1. You can't rock out without your cock out. There are huge risks in daring to take yourself seriously enough to stand onstage for a crowd of people (no matter how small or large) and say, “Listen to me! I have something you should hear!” This presumes a degree of entitlement that no audience will grant unless you first grant it to yourself. Do you deserve to do this? Why you and not someone else? Aren’t there already more famous people who are way better at this? These questions are blocks over which you must risk stumbling. You can’t know in advance how you’ll avoid failing and becoming an object of mockery. But you can choose in advance to be a person who you know to be unstoppable.

2. Take a sad song and make it fucking better. Life is a bunch of problems stacked on top of each other. You can disappear some of them, but since you can’t make life into anything other than problems, you have to pick one to sing about. Fortunately, your audience is ready to meet you halfway and dance, drink, and make out to just about any description of life’s miseries—but only if you rock that description hard enough. In punditry, as in music, you can make people (genuinely!) feel comforted and with it, even while making them aware of just how honestly fucked everything is. It isn’t a matter of trotting out innovative think pieces or ritually displaying your wonkocratic credentials—whether you nerd out in chart-filled policy columns or speak emotionally about vast generalities, your punditry must make people want to nod along with you, no matter how intense or reasonable their disagreements are with you.

3. Be a role model. Beware of musicians and pundits who think of themselves as resource scarce. It’s not very entertaining or rewarding to hear music or read commentary that comes from a place of self-perceived poverty, weakness, or desperation. And unless the performer is particularly talented, it’s often obvious exactly where their work is coming from. Likewise, we really enjoy sharing in the work of musicians and pundits who perform from a place of abundance—no matter how famous or obscure, how rich or poor, how sophisticated or crude. If you’re fronting a band or being a pundit, you’re on your own. You have to be your own justification for yourself. And you have to accept the idea that none of this is going to work unless you want people to be like you—in all probability, a lot more like you. It’s OK. Relax into it. People want to be led. They want transformative experiences. The thing that makes us human, after all, is that we can transform each other and be transformed. It’s all going to happen, anyway, with or without you, so why not try to make it happen? Rock stars do this all the time. Pundits, not so much. It’s not the difference of form that’s responsible for that yawning gulf. It’s the attitude that greases the wheels of the pundit-industrial complex—the focus on the who-said-what BS and the gaffes that no one truly cares about but are blown all out of proportion.

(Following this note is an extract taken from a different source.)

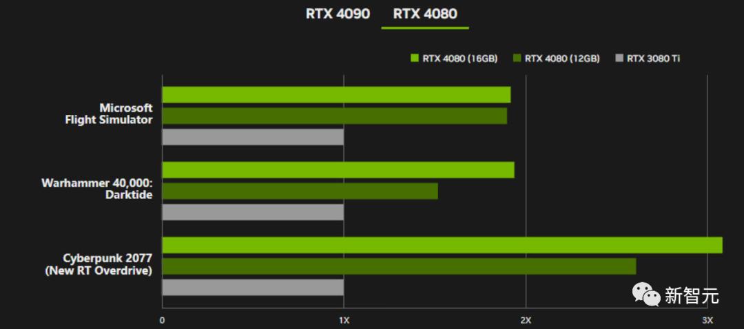 另外,16GB的RTX 4080显卡在现代游戏中的性能比RTX 3080Ti快2(关闭光追)-4(开启光追)倍。

4. Clichés are signposts on the road to success. Pundits can become machines, generating word salads everyone will recognize without actually absorbing any concepts. Many readers and media outfits have convinced themselves that it’s OK to expect nothing more. But instead of agreeing that embodying a cliché is the culmination of a career, pundits can use their clichés like good musicians do—as rules to either break or let stand. In music, there's no way to avoid an endless string of references, no matter how loosely or rigorously you adhere to formulas. Pundits who feel trapped and defined by the formats of op-eds, tweets, and TV appearances need to learn how to tweak expectations without self-combusting or retreating into inaccessible weirdness. If they worry about becoming predictable, they should just drop their fear that a sudden transformation, a venture into the world beyond their predictable positions, will ruin them. It’s more likely to be their salvation—and, as readers and listeners, ours.